WORK TO COMPLETE: When you repeat the material, keep each line exact and omit the pictures.

MATERIAL PROVIDED:
== Segment start ==
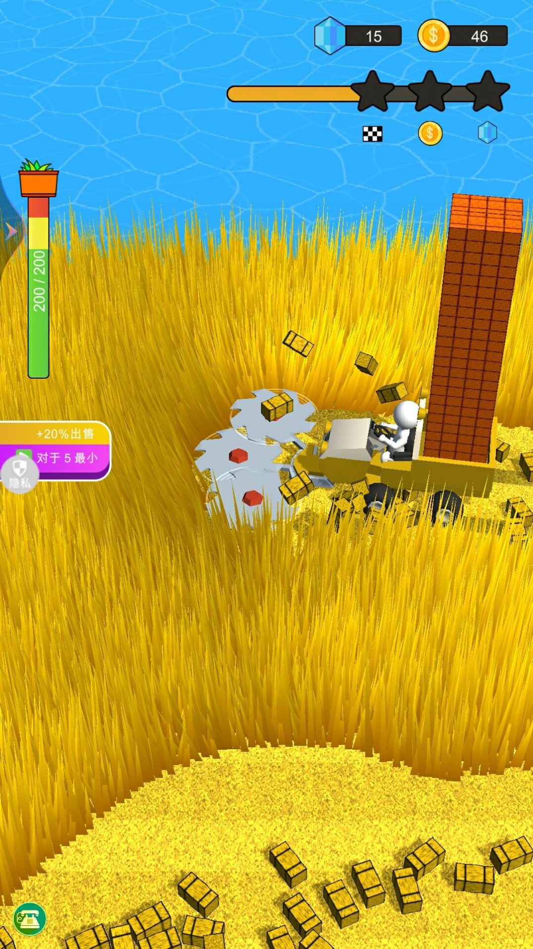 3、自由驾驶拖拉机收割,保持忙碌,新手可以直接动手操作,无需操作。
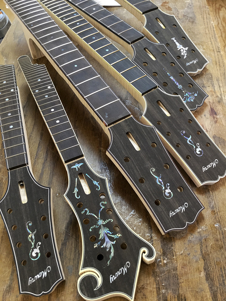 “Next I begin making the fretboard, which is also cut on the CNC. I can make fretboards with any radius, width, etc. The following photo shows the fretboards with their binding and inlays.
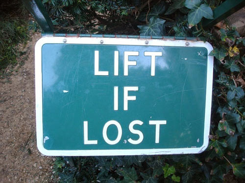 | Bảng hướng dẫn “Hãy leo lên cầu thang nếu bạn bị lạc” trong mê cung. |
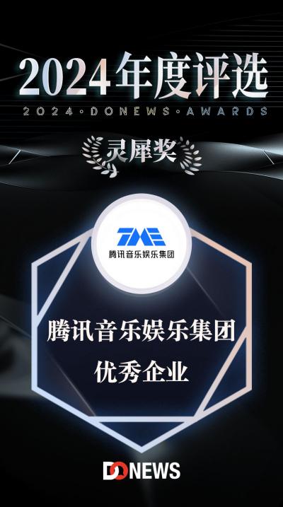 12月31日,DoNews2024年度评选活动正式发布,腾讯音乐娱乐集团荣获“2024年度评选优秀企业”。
== Segment end ==
EXERCISE RESULT:
 3、自由驾驶拖拉机收割,保持忙碌,新手可以直接动手操作,无需操作。
 “Next I begin making the fretboard, which is also cut on the CNC. I can make fretboards with any radius, width, etc. The following photo shows the fretboards with their binding and inlays.
 | Bảng hướng dẫn “Hãy leo lên cầu thang nếu bạn bị lạc” trong mê cung. |
 12月31日,DoNews2024年度评选活动正式发布,腾讯音乐娱乐集团荣获“2024年度评选优秀企业”。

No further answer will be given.